The script supports the following parameters:

  • -s: Remote vCenter Server to connect to. Required Parameter.
  • -o: Remote vCenter Server port to use, default 443. Optional.
  • -u: User name to use when connecting to vCenter server. Required.
  • -p: Password to use when connecting to vCenter server. Required.
  • -f: Output File Prefix. Target syslog server or file is required.
  • -ts: Timestamp File. Default ‘.timelog_events’. Optional.
  • -t: Target Sumologic syslog server. Target syslog server or file is required.
  • -to: Target Sumologic port to use, default 514. Optional.
  • -bT: Begin Time to query for the events. Default Current Time.
  • -eT: End Time to query for the events. Default Current Time minus 24 hours.
  • -sC: SSL cert for connection. Optional.
  • -l: Log File Prefix. Default: vsphere_events_. By default, the log file is created in the execution directory. Full log path and prefix can also be specified for example: -l C:\Users\user6\vsphere_events, where “vsphere_events” is the log prefix. The log file is created with prefix + current timestamp.
  • -pE: Is the password encrypted? Default False. Optional.
  • -pK: Encryption Key for Password. Required if -pE is True.
  1. Once you are satisfied with the output, modify the cron_vcenter_events.sh with the required parameters and create a cron job to periodically run the cron_vcenter_events.sh script at the desired time interval.
    • If utilizing a syslog source, provide the target and target port parameters where the Sumo Collector is installed. If utilizing a local or remote source, use the file parameter to generate the file and configure the File Path for local file source or Path Expression for Remote file source.
    • The cron job needs to run as root, or as a user who has read and write access to the script directories.
    • For more detailed information, see the shell script for configuration options.

For a file source, configure a local or remote file source in one of the following ways:

  • If the script and the Sumologic collector are on the same server: configure a local file source by following these steps. Configure the File Path for local file source. Set Path Expression equivalent to the output directory mentioned in previous section using -f flag (for example: /var/log/vmware/output/).
  • If the script and the Sumologic collector are on different servers: configure a remote file source by following these steps. Configure the Path Expression for Remote file source. Set Path Expression equivalent to the output directory mentioned in previous section using -f flag (for example: /var/log/vmware/output/).
  • For a syslog source, configure the syslog source as follows:
    1. Go to Manage Data > Collection > Collection and click Add Source.
    2. Select Syslog for the Source type.
    3. Enter a Name to display for this Source. Source name metadata is stored in a searchable field called _sourceName.
    4. For Protocol choose TCP.
    5. Enter the correct Port number (for your Collector) for the Source to listen to, such as 1514.
    6. For Source Category, we recommend using vcenter_events.
    7. Under Advanced, set the following options:
      • Select Extract timestamp information from log file entries.
      • Select Ignore time zone from log file and instead use and then choose UTC from the menu (as shown below).
    8. Click Save.

Collecting performance metrics

Collecting performance metrics involves using scripts to call the vCenter performance API’s to extract performance statistics.
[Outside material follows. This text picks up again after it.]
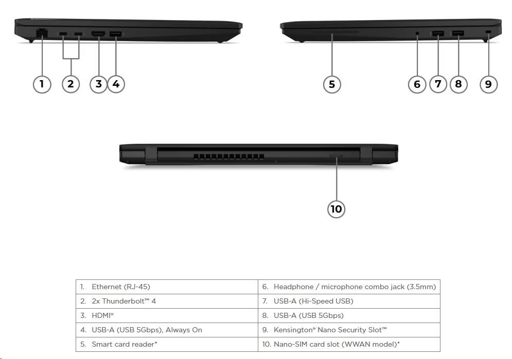 | Standartné porty | 1x USB-A (Hi-Speed USB / USB 2.0) 2x USB-A (USB 5Gbps / USB 3.2 Gen 1), one Always On 2x USB-C® (Thunderbolt™ 4 / USB4® 40Gbps), with USB PD 3.1 and DisplayPort™ 2.1 1x HDMI® 2.1, up to 4K/60Hz 1x Headphone / microphone combo jack (3.5mm) 1x Ethernet (RJ-45) |

Performance data collection for ESXi servers associated with a vCenter server works by getting data from each ESXi server in parallel, using multiple threads. The number of threads depends on the amount of data you are collecting and the frequency of the collection.

The number of threads can be controlled using a property THREADSIZE_POOL in the sumo.json config file. You can also control the number of objects processed by a single thread using the property BATCH_MORLIST_SIZE. The following is a description of all the configuration properties.
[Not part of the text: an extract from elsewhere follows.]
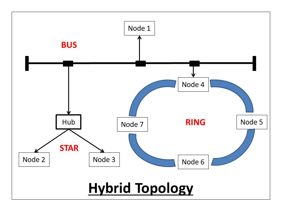 In this topology, all topologies are interconnected according to the needs to form a hybrid. All the good features of each topology can be used to make an efficient hybrid topology.

BATCH_MORLIST_SIZE: Default 50, Simultaneous objects processed by a single thread for retrieving the performance data.
THREADSIZE_POOL: Default 5, Number of threads
SSL_VERIFY: Default False, if using SSL, set as True
SSL_CAPATH: Certificate absolute path if SSL_VERIFY is True

To collect performance metrics, do the following:

  1. Follow the instructions to configure a Streaming Metrics Source. While configuring set the Protocol to TCP and ContentType to Carbon2.
  2. Edit the properties in the bundled sumo.json properties file, as necessary.
  3. Go to the directory for the Sumo Logic scripts and run the esx_perf_metrics_6_5.py script, which queries the vCenter Server for metrics from that location (this script queries the vCenter Server for events) with the following command:
python3 esx_perf_metrics_6_5.py -u [username] -p [password] -s [vcenter server] -t [target server] -to [target port] -cf [config filename]
Details

View examples (click to expand) Example 1: Using metrics streaming source and specific log directory with a specific log file prefix.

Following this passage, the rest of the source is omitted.